Diante desse processo, o desastre no Sul do país não deverá levar a grandes mudanças a curto e médio prazos. “Problemas reais, como os eventos climáticos extremos, não necessariamente resultarão em debates e produção de políticas públicas sobre o tema", avalia ela. Para Roeder, parte da classe política, sobretudo a extrema direita, vem obstruindo e confundindo o debate por questões ideológicas. “A recente disseminação de fake news sobre os desastres mostram como o discurso populista utiliza a confusão para obstruir o debate e não tem a preocupação em resolver problemas reais.”

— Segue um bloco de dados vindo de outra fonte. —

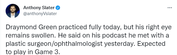 另外格林参加了完整训练,他的眼睛仍旧肿胀,昨天会见了一名医学专家,预计他将出战系列赛第三场比赛;目前勇士大比分1-1灰熊,G3将在大通中心开打。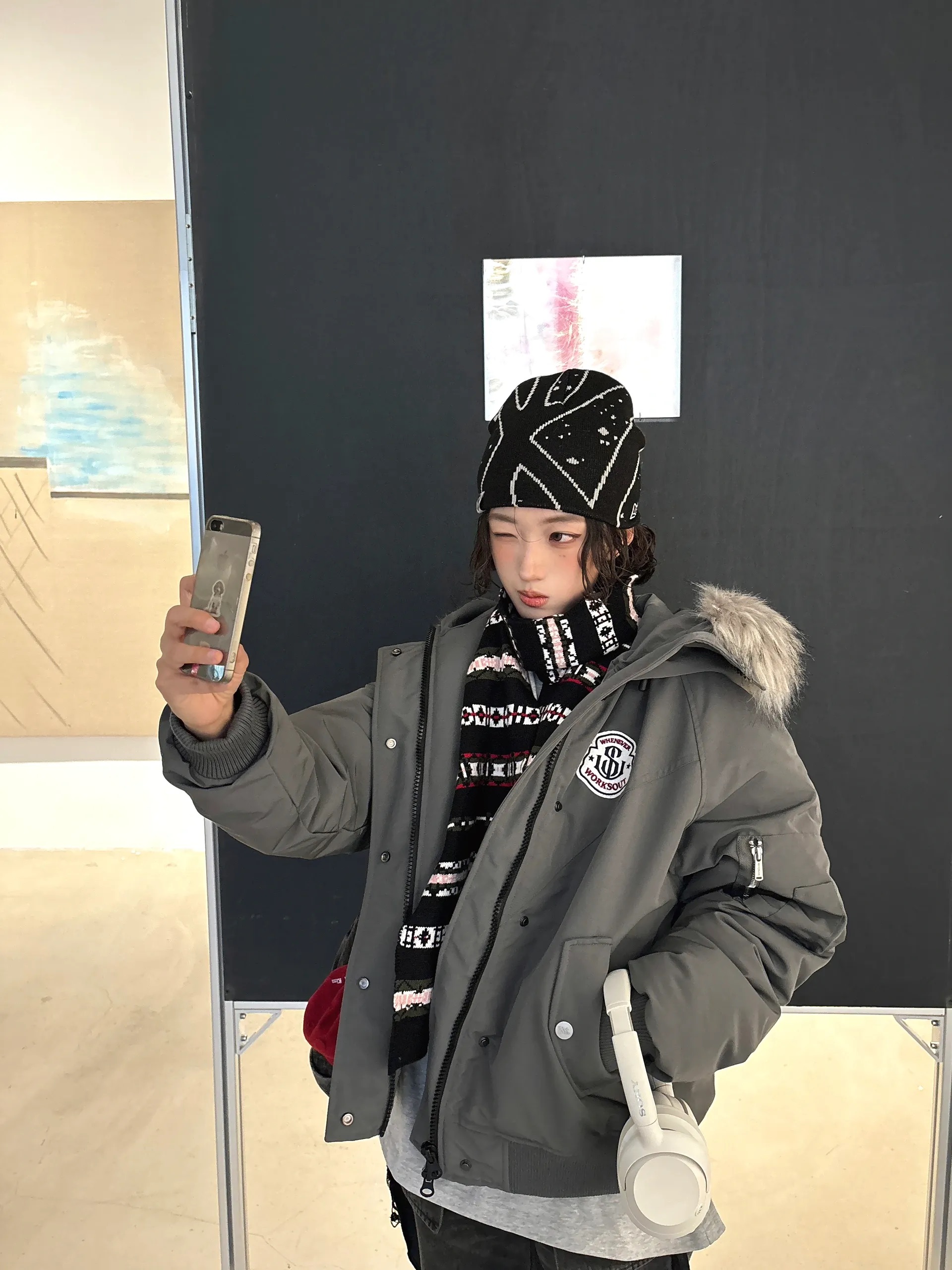 Workwear Parka Cotton Jacket for Women 2025 New Winter Cotton Coat with Large Fur Collar Thickened Couple's Korean Style Winter Jacket

"Eventos crônicos são ainda mais sérios”, diz diretor da SPVS

A inundação do Rio Grande do Sul é um evento agudo resultante das mudanças climáticas e da falta de políticas de proteção do meio ambiente, mas os efeitos crônicos, que passam despercebidos por grande parte da sociedade, são ainda mais graves, alerta Clóvis Borges, diretor da SPVS (Sociedade de Pesquisa em Vida Selvagem e Educação Ambiental), entidade que trabalha há 24 anos com preservação e projetos de integração entre recursos financeiros e técnicos para buscar soluções na área.

“Os impactos ambientais são agudos e crônicos. Os agudos são esses que estamos vendo com mais frequência. Os eventos crônicos são ainda mais sérios, são como uma doença silenciosa, quando a pessoa vai ver já é tarde”, afirma Borges. “Além de imperceptíveis, esses eventos acontecem todos os dias, em escala pequena: a supressão de vegetação em volta das cidades, na áreas rurais, e o enfraquecimento da legislação ambiental, por exemplo. Isso, além de imperceptível, conta a conivência da sociedade.”

Para Borges, essa conivência é representada pela pressão exercida por certos setores sobre os poderes Legislativo e Executivo, sem que haja uma reação da sociedade. “A conivência vem de um movimento materializado como lobby: o lobby da especulação imobiliária, que envolve as Câmaras Municipais e o Executivo dos municípios, uma pressão continuada no sentido deixar o barco correr, porque existe um interesse econômico. Na área rural, o cenário é mais ou menos o mesmo, há um processo de degradação de áreas, com a instalação de usinas hidrelétricas e novas aberturas de frentes para agricultura. O poder público, por inação, ou apoio, é completamente conivente e corresponsável por isso.”

Para o professor da UEL Miguel Etinger, o poder público, além de contribuir para reduzir as causas do aquecimento global, deve produzir planos eficazes para mitigar os danos. “Países e cidades precisam estar preparados não só para diminuir as causas, mas principalmente se adaptar às consequências. Várias partes do mundo já passaram por esses desastres. O anúncio de que isso acontece no Brasil a natureza já deu há muito tempo. E parece que os governos, principalmente os municipais, não tiveram a necessária atenção para se preocupar com essa questão.”